• **TASK BRIEF**:
The entries below contain a line with "0-1-2-3岁女宝宝秋装套装上衣韩版女童三件套春秋婴儿衣蕾丝服潮" and a line with "J and C Walker's". Retype exactly everything from the first down to the second, both included, and nothing else.

• **RECORDS**:
----
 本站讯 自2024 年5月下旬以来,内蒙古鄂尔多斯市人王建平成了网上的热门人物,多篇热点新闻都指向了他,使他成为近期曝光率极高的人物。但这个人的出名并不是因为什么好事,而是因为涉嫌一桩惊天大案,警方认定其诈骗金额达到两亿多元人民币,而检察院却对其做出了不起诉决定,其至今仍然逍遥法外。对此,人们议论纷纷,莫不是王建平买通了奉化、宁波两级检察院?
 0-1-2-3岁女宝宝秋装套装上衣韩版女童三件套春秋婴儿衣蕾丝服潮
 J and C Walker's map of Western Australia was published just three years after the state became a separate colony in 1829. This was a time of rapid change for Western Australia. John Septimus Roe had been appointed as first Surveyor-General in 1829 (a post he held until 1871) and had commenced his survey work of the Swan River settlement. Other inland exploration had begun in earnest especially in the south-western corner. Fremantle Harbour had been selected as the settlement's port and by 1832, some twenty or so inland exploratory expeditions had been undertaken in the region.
----
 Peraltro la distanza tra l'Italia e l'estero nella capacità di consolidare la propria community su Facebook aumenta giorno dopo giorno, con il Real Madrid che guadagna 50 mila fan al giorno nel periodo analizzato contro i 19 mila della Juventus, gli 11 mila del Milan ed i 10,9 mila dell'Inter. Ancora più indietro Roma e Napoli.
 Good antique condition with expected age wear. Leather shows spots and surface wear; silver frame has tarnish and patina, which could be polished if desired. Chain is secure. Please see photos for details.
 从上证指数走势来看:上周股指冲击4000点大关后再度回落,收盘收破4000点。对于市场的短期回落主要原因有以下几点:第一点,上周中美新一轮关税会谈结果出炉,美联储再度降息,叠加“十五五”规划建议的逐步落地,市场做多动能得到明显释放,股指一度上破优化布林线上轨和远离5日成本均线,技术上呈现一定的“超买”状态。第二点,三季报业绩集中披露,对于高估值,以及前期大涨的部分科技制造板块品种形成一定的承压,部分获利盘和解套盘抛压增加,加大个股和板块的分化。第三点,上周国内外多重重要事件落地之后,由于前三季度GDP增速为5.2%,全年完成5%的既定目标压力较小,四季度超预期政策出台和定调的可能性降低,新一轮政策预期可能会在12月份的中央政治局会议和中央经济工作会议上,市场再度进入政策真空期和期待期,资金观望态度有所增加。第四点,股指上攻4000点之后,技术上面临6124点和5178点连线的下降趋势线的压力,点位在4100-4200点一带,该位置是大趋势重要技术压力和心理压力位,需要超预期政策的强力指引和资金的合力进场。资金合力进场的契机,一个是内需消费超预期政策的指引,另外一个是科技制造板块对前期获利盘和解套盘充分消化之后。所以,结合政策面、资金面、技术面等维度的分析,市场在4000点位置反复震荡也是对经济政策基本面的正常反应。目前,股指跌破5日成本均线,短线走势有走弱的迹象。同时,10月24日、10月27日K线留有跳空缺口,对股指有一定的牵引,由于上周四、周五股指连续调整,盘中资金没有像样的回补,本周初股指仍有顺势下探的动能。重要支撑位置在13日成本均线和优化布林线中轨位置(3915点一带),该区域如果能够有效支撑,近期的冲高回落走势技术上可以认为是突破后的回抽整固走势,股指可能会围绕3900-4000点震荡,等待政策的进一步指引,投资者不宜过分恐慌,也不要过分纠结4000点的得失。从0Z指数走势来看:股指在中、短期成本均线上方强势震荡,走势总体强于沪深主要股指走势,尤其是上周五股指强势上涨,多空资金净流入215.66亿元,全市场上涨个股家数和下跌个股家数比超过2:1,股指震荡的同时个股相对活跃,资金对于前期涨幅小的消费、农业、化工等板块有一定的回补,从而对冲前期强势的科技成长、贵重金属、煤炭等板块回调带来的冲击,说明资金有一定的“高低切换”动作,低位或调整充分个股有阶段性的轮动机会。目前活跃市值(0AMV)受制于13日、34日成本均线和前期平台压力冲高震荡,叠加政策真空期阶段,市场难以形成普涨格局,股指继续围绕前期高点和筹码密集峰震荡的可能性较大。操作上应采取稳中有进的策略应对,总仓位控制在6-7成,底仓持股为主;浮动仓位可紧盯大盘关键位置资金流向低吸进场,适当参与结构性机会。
----
• **ANSWER FOR THIS EXERCISE**:
 0-1-2-3岁女宝宝秋装套装上衣韩版女童三件套春秋婴儿衣蕾丝服潮
 J and C Walker's map of Western Australia was published just three years after the state became a separate colony in 1829. This was a time of rapid change for Western Australia. John Septimus Roe had been appointed as first Surveyor-General in 1829 (a post he held until 1871) and had commenced his survey work of the Swan River settlement. Other inland exploration had begun in earnest especially in the south-western corner. Fremantle Harbour had been selected as the settlement's port and by 1832, some twenty or so inland exploratory expeditions had been undertaken in the region.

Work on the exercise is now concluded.